Texas AVA's- Where Most Texas Grapes are Grown
This Carl’s Corner post is focused on the Texas High Plains where most of the wine grapes in Texas are grown (approximately two-thirds or more!). This huge AVA was approved by TTB in 1993 as U.S. AVA number 144 of the current 261 (as of 09-Mar-2022). The records exist in the Code of Federal Regulations - CFR 27 9.144.
There are eight U.S. American Viticultural Areas (AVAs) in the state of Texas as shown in Figure 1: Bell Mountain AVA #55; Mesilla Vly AVA #100; Fredericksburg in the THC AVA #125; Texas Hill Country AVA #136; Escondido Vly AVA #141; Texas High Plains AVA #144; Davis Mountains AVA #155; and Texoma AVA #185.
The Texas High Plains is the second largest TX AVA (third largest in U.S.). It is centered around the Lubbock-Brownfield-Plains area, from the Caprock escarpment all the way west to New Mexico. The AVA contains approximately 8 million acres or 12,500 sq miles and includes parts or all of 24 counties. Currently about 5,000 acres of vineyards are in production, but more acreage is being planted each year.

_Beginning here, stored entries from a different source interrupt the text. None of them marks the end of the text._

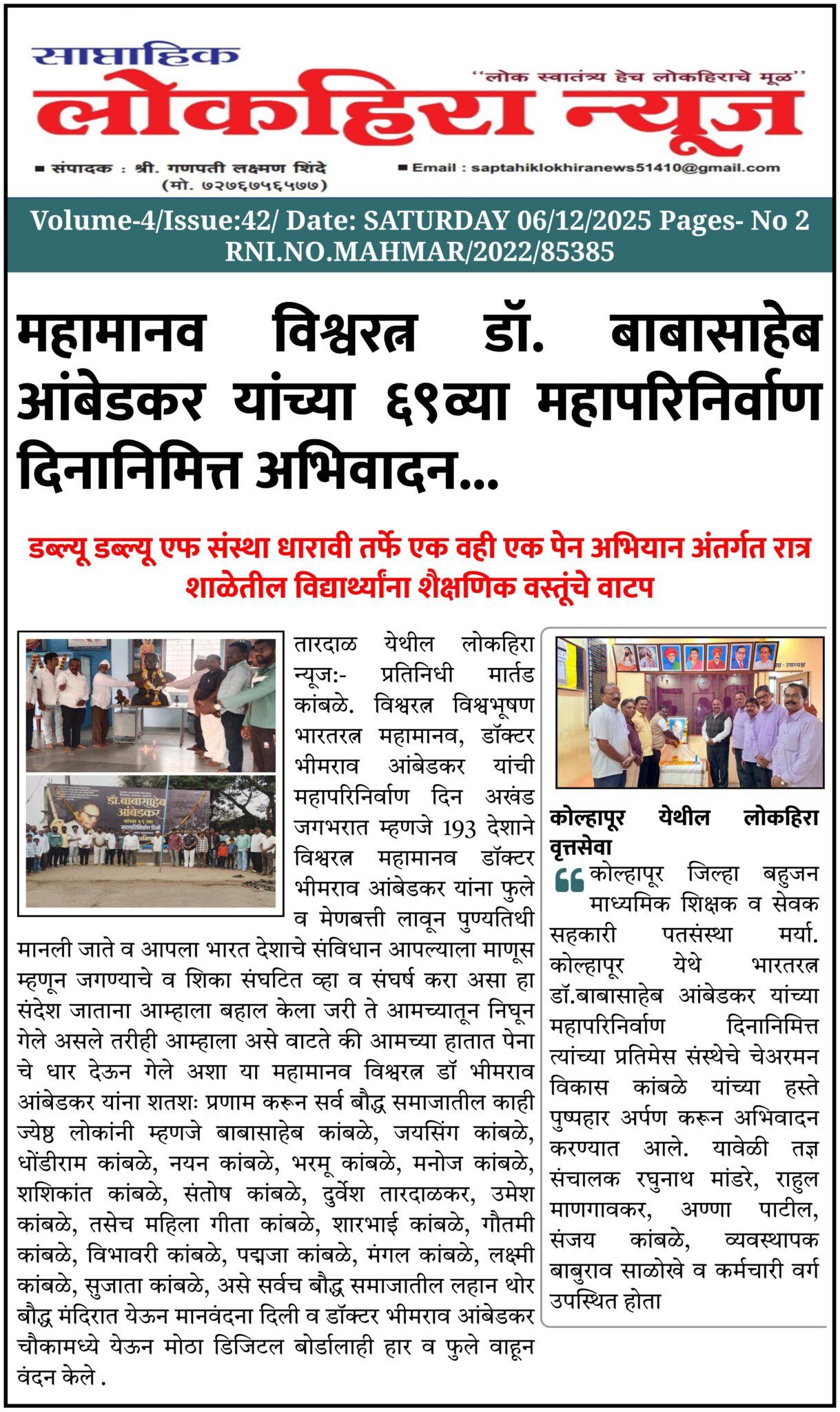घटना तज्ञ डॉक्टर बाबासाहेब आंबेडकर यांच्या 69 व्या महापरीनिर्वाण दिनी सायन हॉस्पिटल समोरील फुटपाथ वर वापरणेयोग्य कपडे वाटून डॉक्टर आंबेडकरांना अभिवादन धारावी झोपडपट्टी पोलीस पंचायत ग्रुप December 6, 2025 No Comments Read More »
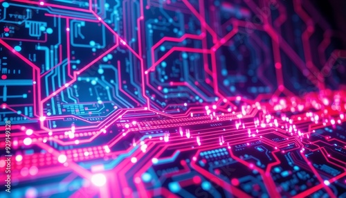 high-tech circuit board with shimmering red and purple data trails interconnected nodes and bright pathways forming a complex and visually striking network
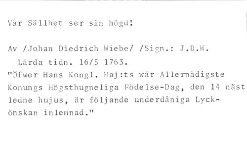 Vår Sällhet ser sin höge': //// Av /Johan Diedrich Wiebe/ /Sign.: J.D.W. Lärda tidn. 16/5 1763. //// "Öfwer Hans Kongl. Maj:ts wår Allernådigste Konungs Högsthugneliga Födelse-Dag, den 14 näst ledne hujus, är följande underdåniga Lyckönskan inlemnad."
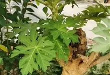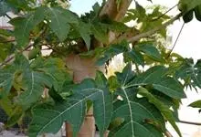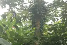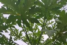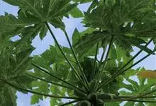 番木瓜,番木瓜科番木瓜属的常绿软木质小乔木,高达10米,具有乳汁;茎不分枝或有时于损伤处分枝;叶大且聚生于茎顶,近似盾形,叶柄中空;花单性或两性,有些品种雄株偶尔生两性花或雌花,…全部>>
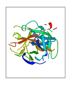 These views are prepared from three orthologuous viewpoints with MolScript. Secondary structures are determined from the C-alpha atom positions of your protein (N-terminal blue, C-terminal red).

This southern part of the Texas Panhandle is well-known for agriculture, mostly cotton, grain, and soybeans. Many cotton farmers have established vineyards as a valuable alternative cash crop, one that uses significantly less irrigation water, their most valuable resource. So long as ample irrigation water is available, this area has a distinct viticultural advantage due to the vine-friendly sandy loam soils, and relatively high elevation that allows for warm days and cool nights in which grape vines thrive. Higher elevations also mean more intense direct sunlight, allowing more efficient photosynthesis as grapes ripen with thicker skins that can lead to more color, flavor, and tannins in the wines. Early spring frosts can be a critical issue in this area, and research is focused on identifying and developing late-budding varieties and clones to minimize the danger of freeze damage.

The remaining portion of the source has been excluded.